Football stadium in Rio Cuarto, Argentina

Estadio Ciudad de Río Cuarto Antonio Candini is a football stadium located in the city of Río Cuarto in Córdoba Province, Argentina. It is owned by local club Estudiantes, which uses it as home venue for its football teams.

The stadium, with capacity for 12,000 spectators, was named after Antonio Candini (d. 1992), regarded as one of the most notable executives in the history of the Estudiantes. Candini was president (1974–78) of the club, then serving in other departments of the institution.

== History ==
The stadium was inaugurated on 12 October 1938 in a match where Estudiantes easily defeated Club Argentino of Marcos Juárez 8–1. The first concrete grandstand was inaugurated in August 1959 in a friendly match vs Newell's Old Boys.

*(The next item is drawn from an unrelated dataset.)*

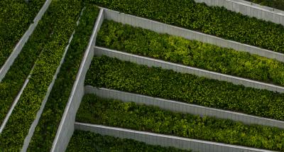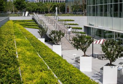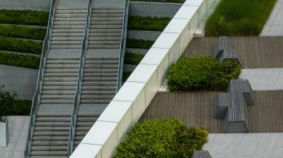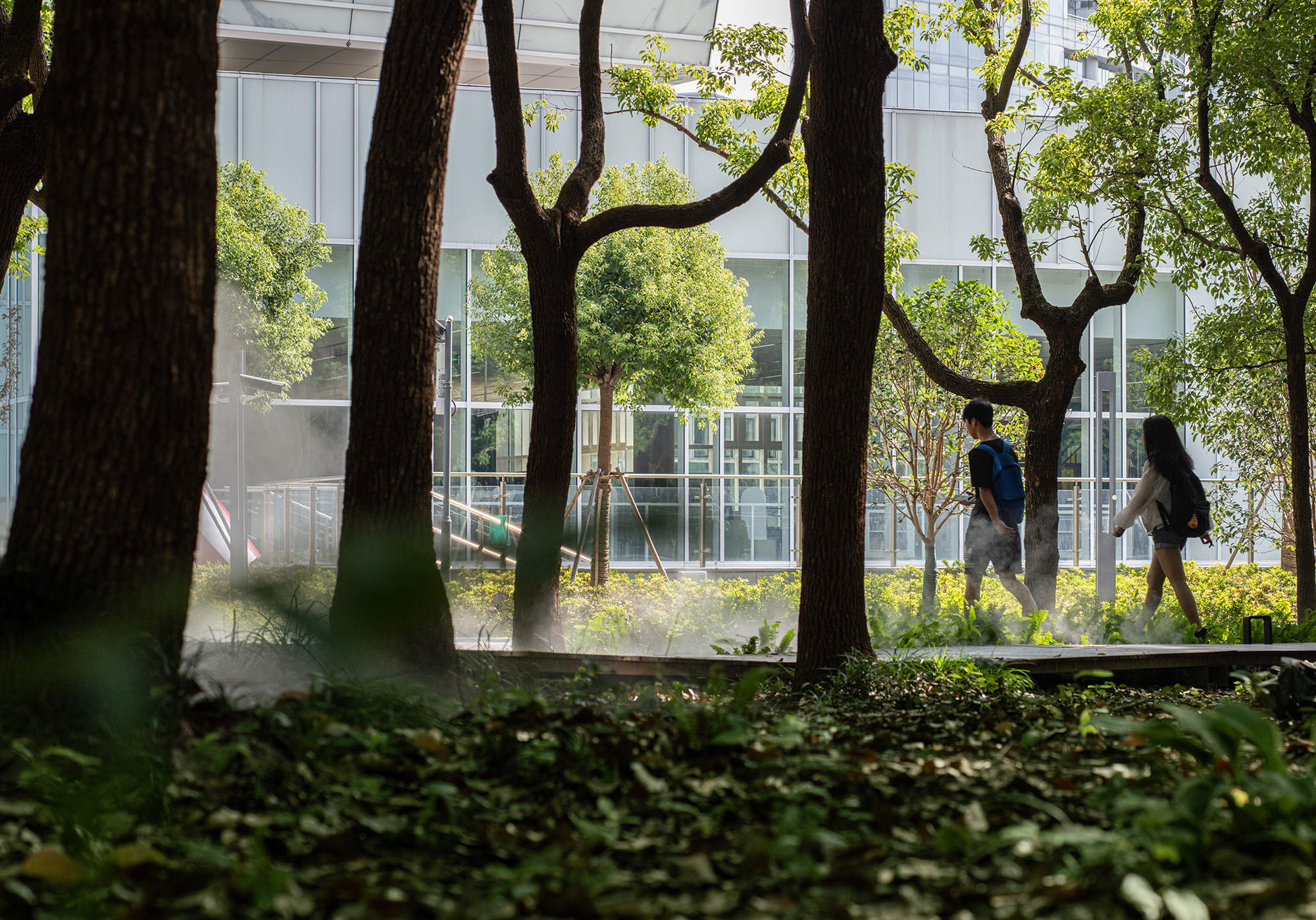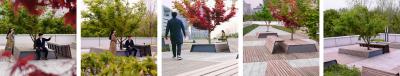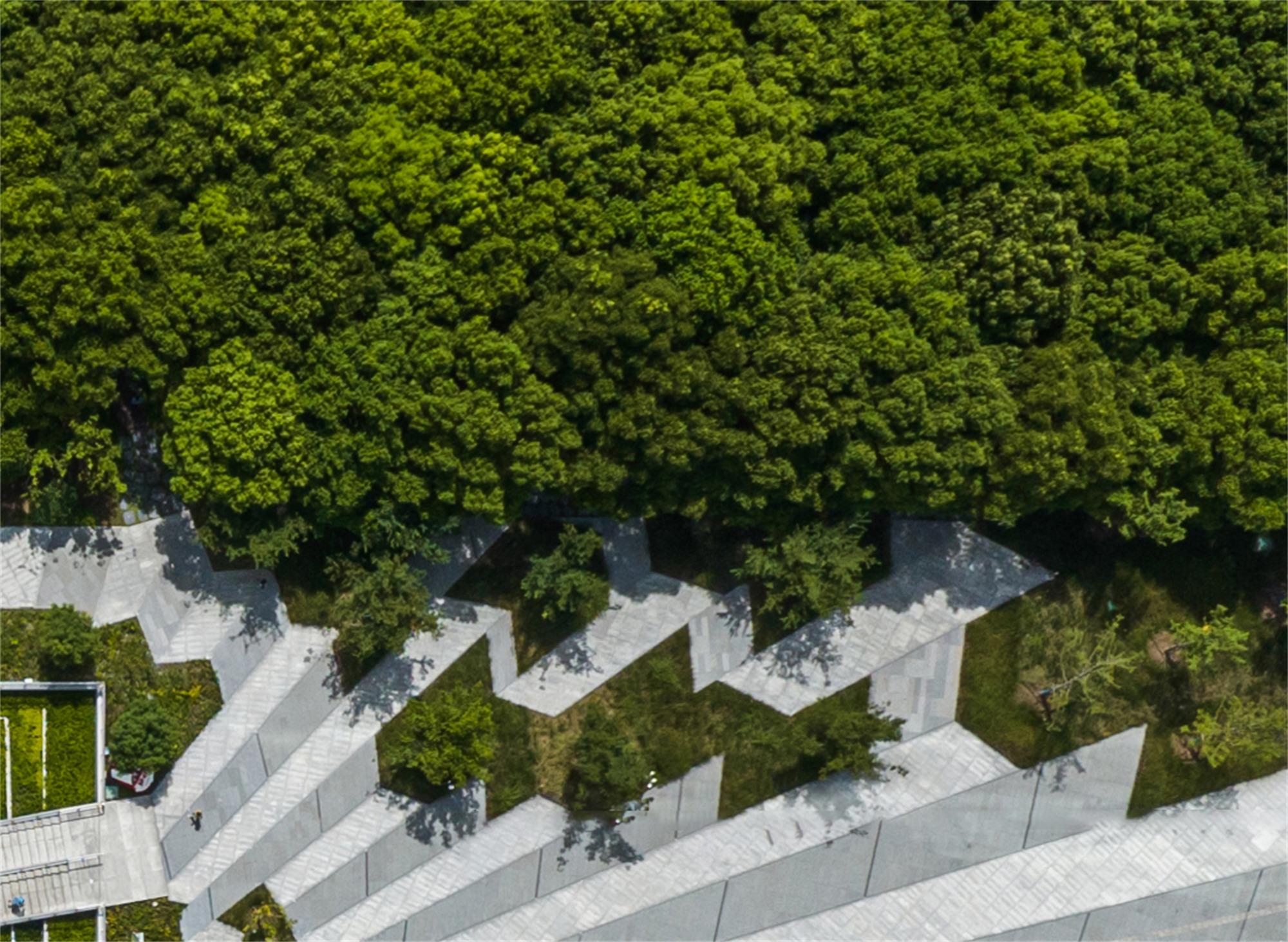 下沉廣場(chǎng)意在營(yíng)造一個(gè)安靜閑適的氛圍空間,容納輕松的社交活動(dòng)、輕餐飲和較親密的小型互動(dòng)。設(shè)計(jì)師以“曲轉(zhuǎn)空間”為設(shè)計(jì)手法,以層次錯(cuò)落盤轉(zhuǎn)向上的植被臺(tái)地打破原本沉悶的垂直擋墻,讓更多的自然光滲透進(jìn)來(lái),優(yōu)美的林冠映照在更低層的地面上,為漫步其中的人們提供多維、綠意環(huán)繞的空間體驗(yàn)。

A lighting system was added in January 1961 in a night match v Chacarita Juniors. A new grandstand was built on the west side (Av. España), being inaugurated in May 1966 in a friendly v Club Atlético Independiente. The match (won by Independiente 3–0) set a record attendance for the venue, with more m$n2 million in tickets sold.

The facility inaugurated its renovated locker rooms (placed under the west stand) in 1975. A new stand was opened on the south side in early 2010, while the lighting system was renovated in 2020, being replaced by LED devices.